IA: Do you believe that we can sense what kinds of people are living in those houses just by the physical shape in the scene? Is it difficult to use those elements as words to tell your stories?


J.S. : I think that the small details that adorn the scene can give us many hints about who the people are that live inside. The curtains of the windows, what is on the balconies, what there is on the roofs, but in fact the interesting part of an old building is not the personality of its inhabitants, but its own personality. The building is born, it grows, ages and dies and during that whole process it is loved, spoiled and often missed.


IA: You did portraits that depict ordinary women’s faces, but they are very beautiful. This is the same tendency you have to depict everyday life elements; like the old houses and the other scenes you have done depicting shops, cars and rooms. You don’t try to create superior and unimaginable girls or houses. Do you consider that as your characteristic style?
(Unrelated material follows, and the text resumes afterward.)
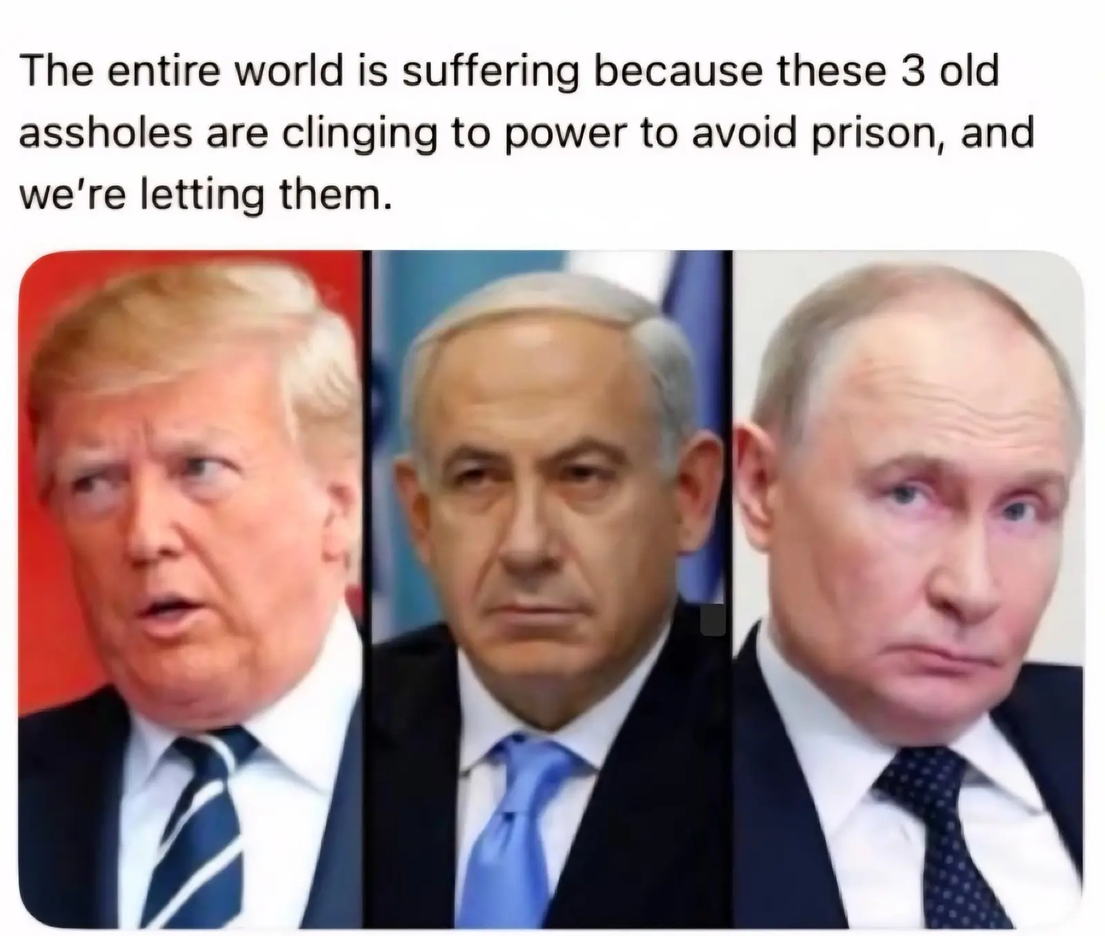 Expressing concern about one thing does not equate to apathy toward all other things.Oddly, no concern about Maduro, Khameini, or Xi.

J.S. : The same as I prefer an old big house to an important building, I prefer an average woman to a top model or a famous actress. That is because the beauty of a woman is subjective and is not subject to any absolutely reliable norm. The women that used to be beautiful are fat and the women that were not beautiful before are will be beautiful tomorrow. What really captures us is something as simple as an expression or a look; something that reveals to us what is inside that person and in some way drives us to the really beautiful part of a woman, her soul.
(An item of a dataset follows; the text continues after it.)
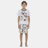 Conjunto pijama manga curta com estampa local e detalhe em viés na gola e bermuda com estampa corrida, confeccionados em tecido meia-malha 100% algodão.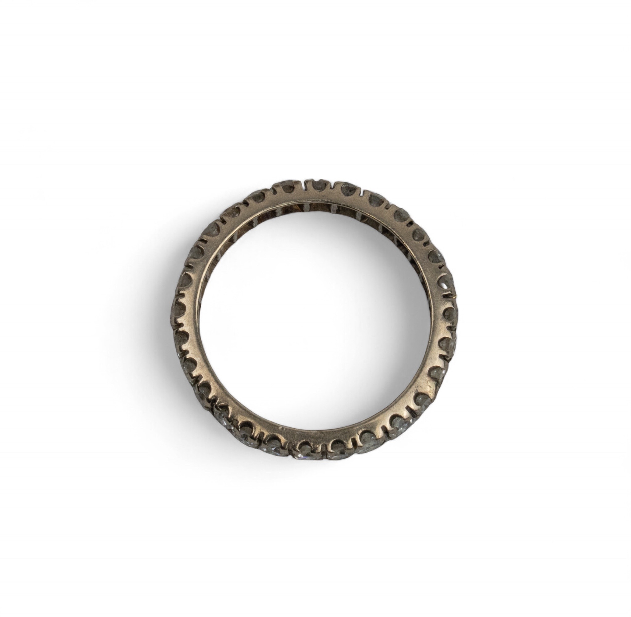 A diamond eternity ring, set throughout with circular-cut diamonds. Mounted in white gold.

IA: Your work Composition #4 (Picture above) is a whole life in one image. It tells the story of three generations, but without words or human presence, can you tell us more about this work?


J.S. : It is the house of an old woman that has an obese son that works in a wine factory and has another son that lives in the great city living a modern life, he uses a PDA, listens MP3’s, drives a BMW and paints abstract pictures. She has a small granddaughter that eats up the candies from the box under the television and she decorates the furniture with stickers of the Power- Puff Girls. The grandmother has enough resources to buy a new piece of furniture, but she doesn't do it because the furniture works perfectly. And neither will she purchase a new television because the one she has was brought by her deceased husband from the neighboring town on foot.

IA: What scene would like to create and haven't created yet?

J.S. : That would be the room where I passed my years of adolescence in my parents' house.


IA: What do you think you can express with CG tools you can't with traditional media and why?


J.S. : Nothing, I would find the inverse question more logical. The human being, since his origin, has used tools based on pigments over surfaces and that has allowed him to develop a powerful instinct of 2D rendering. The necessity to dominate the computer and its complex programs of modeling and render makes the path from the idea to its final result in 3D not to so direct. No one in front a computer is able to represent objects or figures until studying them for many months and even then he will be far from dominating the media at the same level that we dominate the pencil and the paper.